Below are the records; repeat exactly their lines between the line holding "Let your pink" and the line holding "若者から高齢者までの幅広い年", inclusive, skipping the pictures.

Dataset:
+===+

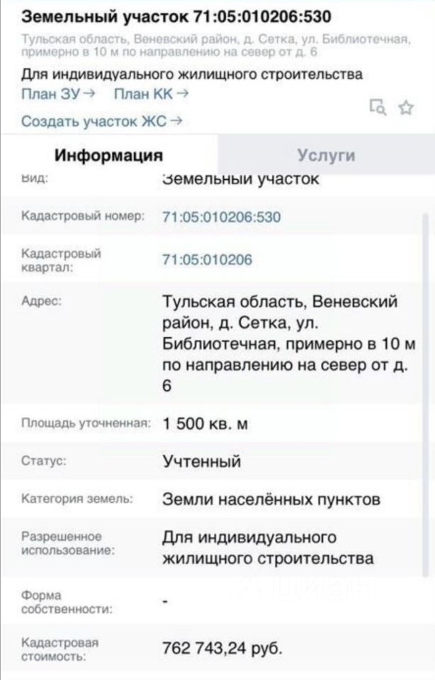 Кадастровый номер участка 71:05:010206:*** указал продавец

+===+

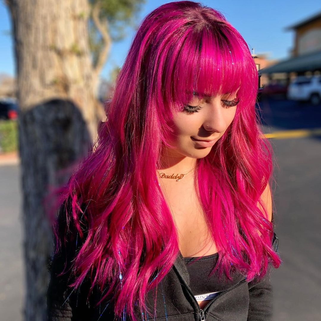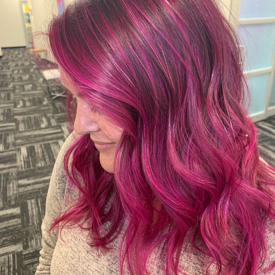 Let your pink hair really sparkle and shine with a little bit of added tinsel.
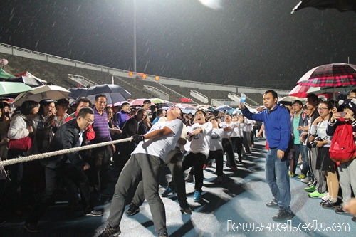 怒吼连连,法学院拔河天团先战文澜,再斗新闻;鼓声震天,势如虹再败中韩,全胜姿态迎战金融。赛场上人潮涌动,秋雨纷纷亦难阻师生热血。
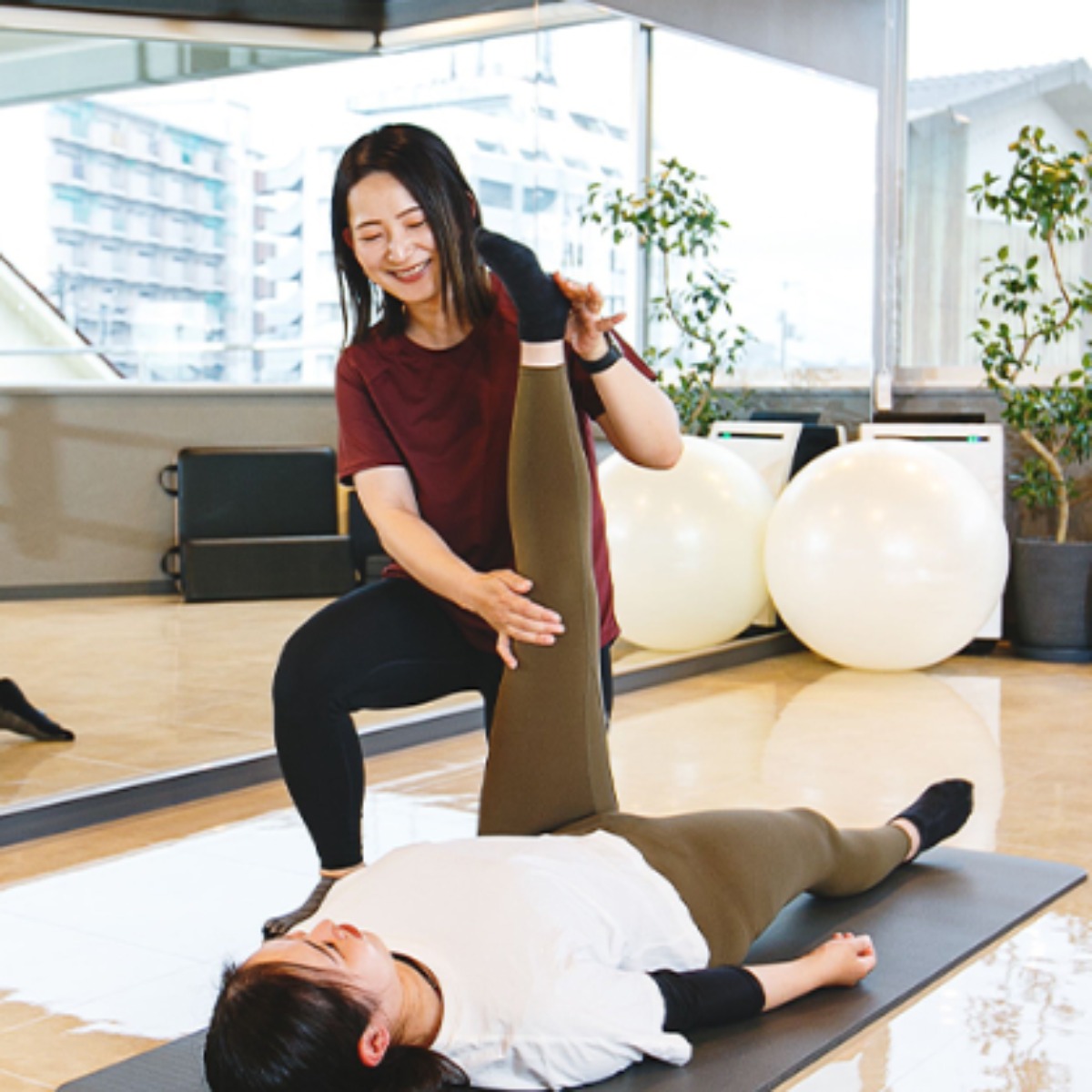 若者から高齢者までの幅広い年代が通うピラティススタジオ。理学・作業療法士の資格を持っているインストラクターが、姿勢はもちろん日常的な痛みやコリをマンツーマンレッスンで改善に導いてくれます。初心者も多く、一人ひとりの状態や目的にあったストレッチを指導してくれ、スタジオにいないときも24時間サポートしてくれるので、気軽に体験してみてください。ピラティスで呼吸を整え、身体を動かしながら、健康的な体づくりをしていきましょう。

+===+

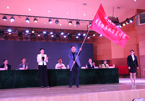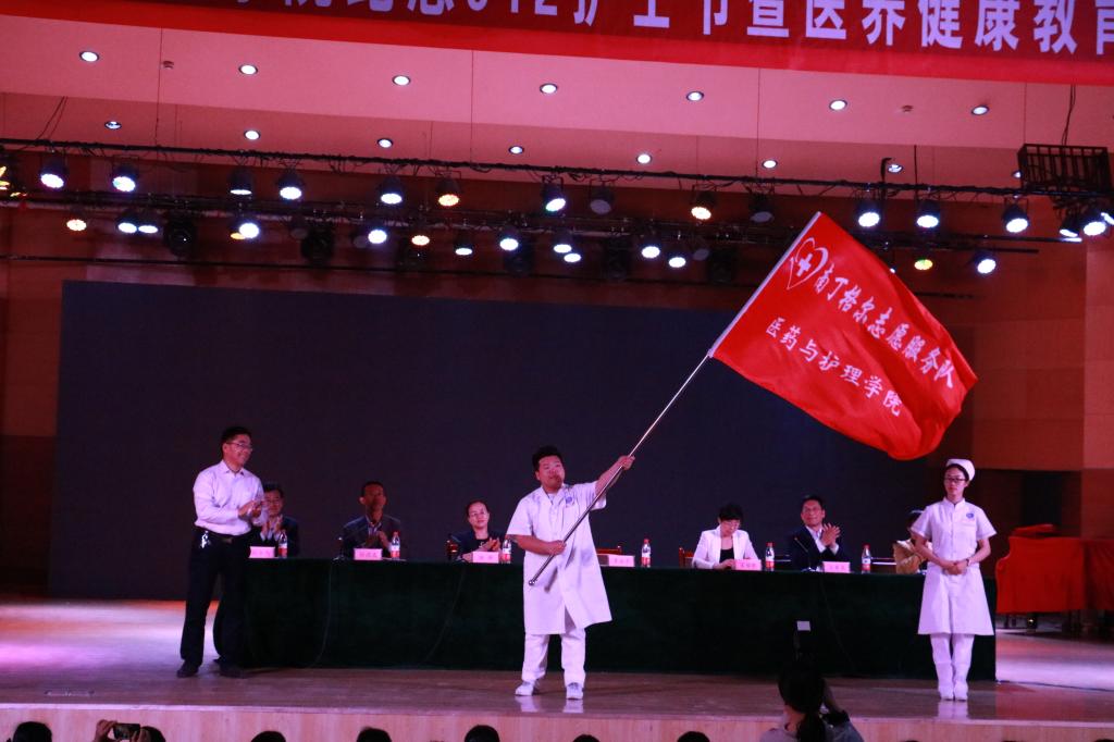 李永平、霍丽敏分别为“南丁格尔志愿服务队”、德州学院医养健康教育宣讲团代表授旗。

+===+

Solution to this problem:
 Let your pink hair really sparkle and shine with a little bit of added tinsel.
 怒吼连连,法学院拔河天团先战文澜,再斗新闻;鼓声震天,势如虹再败中韩,全胜姿态迎战金融。赛场上人潮涌动,秋雨纷纷亦难阻师生热血。
 若者から高齢者までの幅広い年代が通うピラティススタジオ。理学・作業療法士の資格を持っているインストラクターが、姿勢はもちろん日常的な痛みやコリをマンツーマンレッスンで改善に導いてくれます。初心者も多く、一人ひとりの状態や目的にあったストレッチを指導してくれ、スタジオにいないときも24時間サポートしてくれるので、気軽に体験してみてください。ピラティスで呼吸を整え、身体を動かしながら、健康的な体づくりをしていきましょう。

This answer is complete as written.